Before you begin, make sure the Process Manager, Mesh/Remesh panel is open.

  1. In the Element Size field, enter the element size to use when meshing.
  2. For Mesh Type, choose the type of element to use when meshing.
  3. Click Mesh.
    A mesh is created using the specified element size and type on all remaining "global" geometry.
    Note:

    If you do not like the results, click Delete Mesh to remove mesh from all such geometry, without affecting the specific items already meshed in previous stages, such as holes or user-defined features.

  4. Click either Accept or Next to continue.

Cleanup Elements

Optimize the quality of the elements created during each of the previous meshing stages.

Before you begin, make sure the Process Manager, Element Cleanup panel is open.

  • Perform automatic cleanup.
    Note:

    The nodes of features, such as ridges, will not be preserved if their angle is less than the specified minimum angle. In addition, element quality requirements may override feature angle preservation regardless of the angle specified.

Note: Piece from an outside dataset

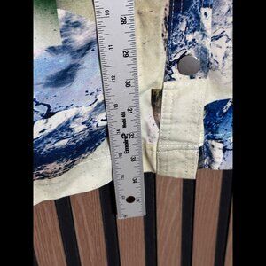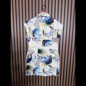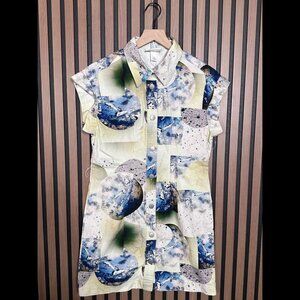 New Monkl Jacket Dress Small Womens Multicolor Abstract Denim Button Knee Length

    1. Click the Auto tab.
    2. Use the Components selector to select the components that contain the elements to cleanup.
    3. In the Min Size field, enter the minimum size that is acceptable for any given elements.
    4. In the Max Feature Angle field, enter the maximum feature angle to preserve.


      Figure 7. Minimum Feature Angle (Low Value)

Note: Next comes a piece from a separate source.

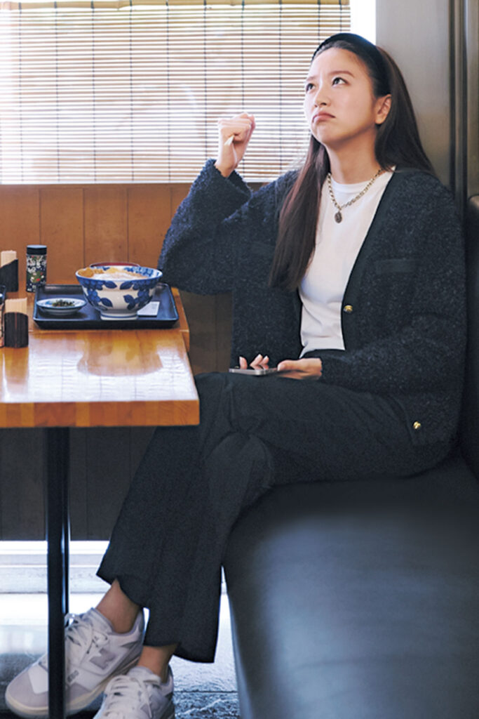 撮影/遠藤優貴〈人物〉、清藤直樹〈静物〉 モデル/鹿沼憂妃 ヘアメーク/小松胡桃(ROI) スタイリング/平沼洋美 取材・文/野田春香 撮影協力/Deloitte Tohmatsu Innovation Park、蕎麦 永盛、おさかな本舗たいこ茶屋 再構成/Bravoworks.Inc

      Figure 8. Minimum Feature Angle (High Value)
    5. In the Normals Angle field, enter the maximum allowable angle between the normals of adjacent elements.
      When possible, adjacent elements whose normals exceed this angle will be split into multiple smaller elements with less-extreme normal angles.
    6. Click AutoCleanup.
    7. Click either Accept or Next to continue.
    The mesh is examined within each component individually, removing elements of poor quality and stitching the mesh together to fill the resulting gaps. Cleaning up the mesh on a per-component basis prevents mesh overlap between adjacent surfaces that belong to different components.


    Figure 9. Before Element Cleanup. Notice the "sliver" elements along midline.


    Figure 10. After Element Cleanup. Notice the small, sliver elements are removed.
  • Perform manual cleanup.
    1. Click the Manual tab.
    2. Choose the type of edges to find.
      • Choose Free to find edges which are associated with only 1 surface.
      • Choose T-Connections to edges which are associated with three edges.
    3. Click Find to find edges.
    4. In the Tolerance field, enter the tolerance to use when identifying nodes associated with free edges and try to stitch them, leaving nodes outside the tolerance unchanged.
    5. Click Fix to fix free edegs.
    6. Click Display Normals to open the Normals panel, which can then be used to review normals.
    7. Click either Accept or Next to continue.

Perform Tetra Meshing

Generate the 3D mesh from the existing surface meshes.

Before you begin, make sure the Process Manager, Tetra Meshing panel is open.

By default, all elements belonging to holes and user-defined features will be set to tetramesh as Fixed trias/quads, while the rest of the model will be meshed using the "floatable" method.